Kirchenmusikdirektor Martin Winkler erwies sich mit der Celler Stadtkantorei und der „Helius Kammerphilharmonie“ aus Hannover sowie den Solisten Danuta Dulska (Sopran), Kerstin Rosenfeldt (Alt), André Khamasmie (Tenor) und Hans-Christian Hinz (Bass) bei der Aufführung des Werks am Sonntag in der Stadtkirche den enorm hohen Ansprüchen und Anforderungen an die Verzahnung von Chor, Orchester und Vokalsolisten mehr als gewachsen. Er stellte das in zehn Abschnitte gegliederte Werk beeindruckend „objektiv“ hin, in den Steigerungen klug kontrolliert, aber nicht gebremst, episch phrasierend, natürlich atmend und ohne jeden emotionalen Überdruck.

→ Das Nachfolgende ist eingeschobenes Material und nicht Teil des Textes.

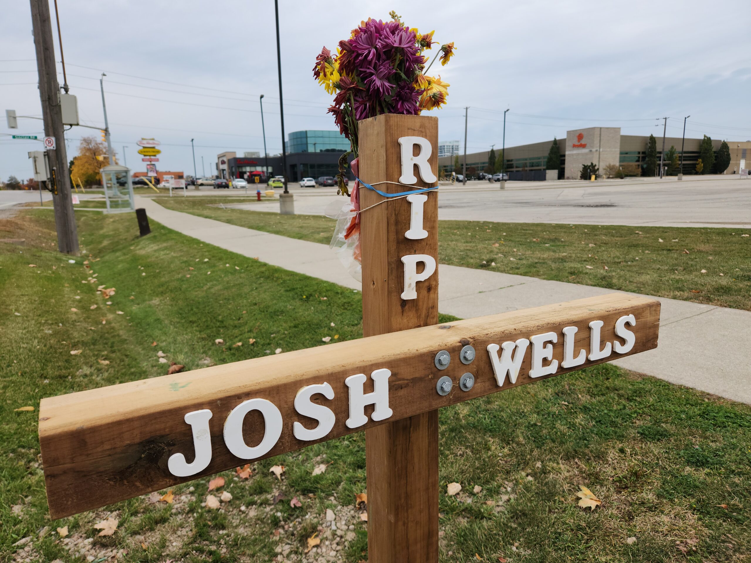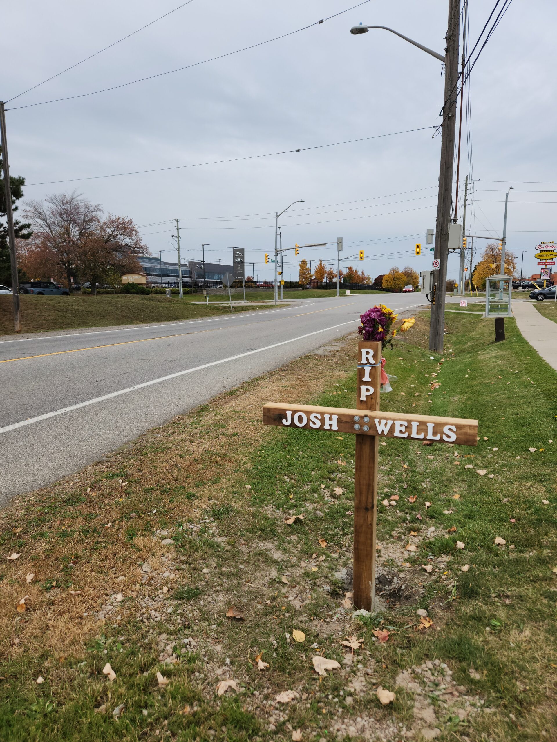 This is the roadside memorial for Joshua Wells in Oakville, Ontario

Die Stadtkantorei war prächtig disponiert, so dass bei ihrer akkuraten lyrischen wie dramatischen Ausformung des „Stabat Mater“ in jedem Lautstärkegrad noch klangfarbliche Nuancierungen gelingen konnten. Auch bei Teilung der Stimmen blieb genug Klangfülle übrig, ohne dass es der Chor schwer gehabt hätte, sich gegenüber dem Orchester zu behaupten. Von den zumeist ruhigen Tempi profitierten die Streicher des Orchesters, was einen Zugewinn an wohliger Klanglichkeit brachte. Und auch die Bläser wussten mit akzentuierter Tongebung und organisch atmender Phrasierung zu gefallen.

Imposante Steigerungen in Dynamik und Intensität, gut geführte Spannungsbögen mit adäquat vernähten Übergängen sowie innige Solistenstellen verwiesen immer wieder eindringlich auf den oft meditativ-verinnerlichten Gehalt des Oratoriums, etwa im Larghetto, wo dem Tenor das Kunststück gelang, das Weinen mit Maria ohne Peinlichkeit in eine Sphäre zu führen, wo wirklich Trost geschieht. Dass diese treffende Charakterisierung des Oratoriums beim Publikum angekommen war, bewies der überaus lange und herzliche Schlussapplaus.